Grosjean, 36, said he had wanted to become a pilot since he was 30 but was discouraged by Europe’s complicated and time-consuming licensing process (“to go to ground school twice a week, and with our life, it’s impossible”). He was inspired again last year by (now former) teammate Alexander Rossi, who flew to some 2022 races after earning his license a couple of years ago.

“I thought that was pretty cool,” said Grosjean, who had grown “bored of waiting in the airports.”

He plans to fly to nearly all the races this year (“if the weather is good enough, I’ll be flying”) and jokes about being “commercial by the end of the year, so then I can take Roger (Penske). Roger can pay me to fly him around to races if things go bad with racing.”

Grosjean’s social media has been filled with posts about his new hobby, which afforded him the opportunity recently to take his wife to Key West for lunch from their home in the Miami area. The trip took 37 minutes there and 41 minutes on return and highlighted why Grosjean loves flying: “Freedom. Freedom to go anywhere you want, anytime you want. It’s the beauty of it. We can go to the Bahamas for a day if we want to. Anywhere. I think that’s just great to know that you can do whatever you want.”

It’s reminiscent of the cross-country trip across the Midwest in an RV that Grosjean took with his family during the summer of his 2021 rookie season.

“There’s one thing that I told my kids, and I told my friend about America, and for me, that’s the biggest difference between Europe and here, is here everything is possible,” said Grosjean (whose “Phoenix” nickname was derived from a brush with death in his final Formula One start). “If you have the wish, if you give yourself the possibility of doing it, everything is possible. It is different in Europe. Much more boundaries on the way. Much more steps that you need to do in a certain order. But if you want to be extraordinary (in the United States), if you want to do something different, you don’t need to do those steps because you can work through.

“Yeah, I like doing things, and when I do them, I like doing them well. But here I think just the opportunity of driving the RV, flying planes, for my kids to do whatever they want to do, we love that here. Yeah, it’s been the best discovery for us.”

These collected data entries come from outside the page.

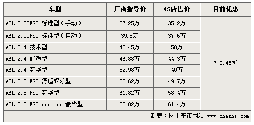 據(jù)4S店銷售人員介紹:目前奧迪A6L車系全部打9.45折,售價在35.2萬至61.4萬之間。但2.0TFSI基本型與3.0TFSI豪華型無車,也不接受預訂。車身顏色方面,黑色是A6L的主打色,同樣顏色也較齊全,除了上兩款車型無車外,其它車型現(xiàn)車充足。
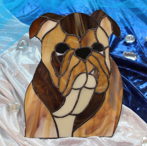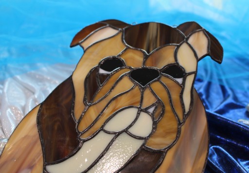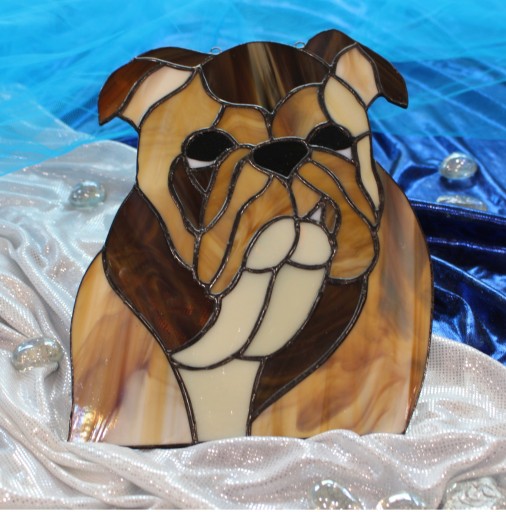 Buldog angielski z witrażowego szkła wykonany ręcznie przez wprawnych, polskich rzemieślników. Kawałki szkła połączone są miedzią i zapatynowaną na czarno cyną. Witraż zmienia kolorystykę w zależności od podświetlenia z tyłu. Może wisieć na oknie lub na ścianie.
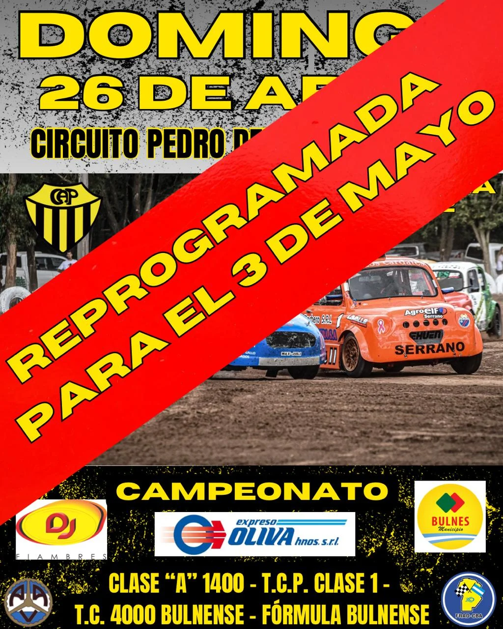 La Sub Comisión de Automovilismo del Club Atlético Peñarol, confirmó este martes la postergación del segundo compromiso del 49° Campeonato Regional Bulnense, que estaba pactado para este domingo en el Circuito «Pedro Devalle» de Bulnes, Córdoba.

The Swiss-born Frenchman already has flown himself to a race this year, jetting up the Florida coast for his Rolex 24 at Daytona debut last month. It was his debut as a Lamborghini factory driver, and his new deal will continue with the Twelve Hours of Sebring and possibly the Petit Le Mans while he also helps develop the automaker’s new hybrid prototype (LMDh) for next year.

Grosjean, who finished a disappointing 13th in the 2022 points standings with one podium for Andretti in his first full season, said IndyCar will remain his priority in 2024.

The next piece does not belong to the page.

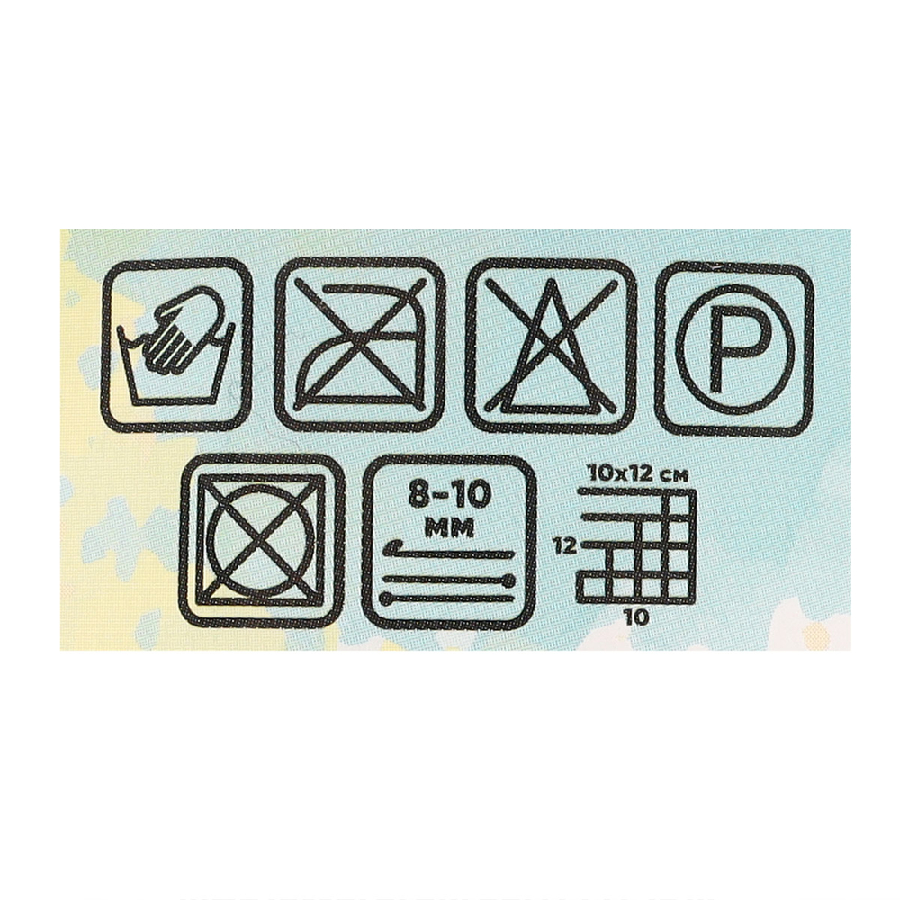 Рекомендации по уходу: ручная стирка без отбеливателя; допускается профессиональная чистка; не отжимать в стиральной машине; гладить запрещено.

But he hopes the IndyCar schedule will afford racing in the IMSA WeatherTech SportsCar Championship endurance races and perhaps another his longest plane flight yet — a return to the 24 Hours of Le Mans.

“I’ll keep my fingers crossed like that we get the weekend off from IndyCar,” said Grosjean, noting that 10 IndyCar drivers were in the Rolex 24. “I think it would make a lot of sense. I think for both series it’s amazing. If we can get Le Mans, it’s also amazing because it’s just cool.

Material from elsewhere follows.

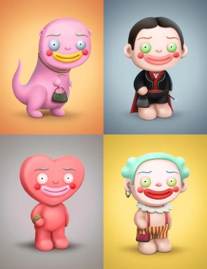 The NFT artworks he is most proud of: “Here are just three out of many that I’ve picked out simply because of how they look and their little stories. Mister Philips (bottom left) is known for two things, his gold watch and his quest to find love, although his heart is broken 99 per cent of the time. Jacky (bottom right) is a depressed clown who does the opening act for The Magician (top right). And Darney (top left) is a dinosaur-alien hybrid that carries around a human bag. Most believe that he got the bag from devouring the human.”

“I remember Mario flying across the Atlantic doing Monaco and the Indy 500, and those guys, they were racing everywhere, Formula 3, Formula 2, Formula 1. They were doing the races in opening of the Formula 1 race, and I think that’s very cool for us. So yeah, looking forward to the project. There’s going to be a lot of development coming on. By the time we finish the IndyCar season, the LMDh will be here in the States, and that’s when I’m going to spend a lot of time on it.”